Mit „Predicted Outputs“ zu schnelleren Ergebnissen
Die neue Funktion „Predicted Outputs“ erlaubt Entwicklern, erwartete Teile einer Ausgabe bereits vorab einzugeben. Das reduziert den Aufwand für das Modell, indem es weniger neue Tokens generieren muss, was besonders bei wiederkehrenden Aufgaben Zeit spart. Erste Tests zeigen vielversprechende Ergebnisse: Die Bearbeitungszeiten bei der Codebearbeitung sind zwei- bis viermal schneller als bei früheren Modellen. Beispielsweise sinkt die Bearbeitungszeit für umfangreiche Dateien von rund 70 Sekunden auf 20 Sekunden. OpenAI nennt als Anwendungsbeispiele das Aktualisieren von Blog-Einträgen, die Iteration bestehender Antworten und das Neuschreiben von Code.

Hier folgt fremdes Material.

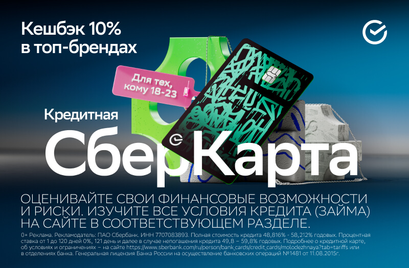 18+ Реклама. Рекламодатель: ПАО Сбербанк. ИНН 7707083893. Генеральная лицензия Банка России на осуществление банковских операций №1481 от 11.08.2015 г. erid: 2VtzqxAoeRR Полная стоимость кредита 48,816% - 58,212% годовых. Процентная ставка (годовых) от 1 до 120 дней 0%, 121 день и далее в слу

Einfaches Prinzip, wirkungsvoller Effekt
Die Funktion basiert auf einem simplen, aber effektiven Prinzip: Entwickler geben den erwarteten Antwortteil vorab ein, was in vorhersehbaren und sich wiederholenden Aufgaben für eine deutliche Beschleunigung sorgt. OpenAI erklärt, dass die Funktion dann am besten funktioniert, wenn die Vorhersage eng an die erwartete Antwort gekoppelt ist. Wenn etwa die Hälfte der Ausgabe-Tokens eingespart werden kann, sinkt die Latenzzeit ebenfalls um etwa 50 Prozent – eine Faustregel, die vor allem bei der Bearbeitung von Code oder kleineren Dokumentenänderungen signifikante Effizienzgewinne verspricht.
„Predicted Outputs“ ist für spezifische Anwendungen geeignet
OpenAI hebt hervor, dass die neue Funktion vor allem für Aufgaben gedacht ist, bei denen die Antwort vorhersehbar ist, und für die Neugenerierung von Inhalten weniger geeignet ist. Die Funktion ist außerdem nur mit GPT-4o und GPT-4o-mini nutzbar und unterstützt keine erweiterten API-Parameter wie Mehrfachausgaben oder Funktionsaufrufe. Erste Tests in Programmiersprachen wie Python, JavaScript, Go und C++ verliefen jedoch erfolgreich. Entwickler werden ermutigt, die Funktion in kontrollierten, vorhersehbaren Aufgaben zu testen, um die bestmögliche Effizienz zu erreichen.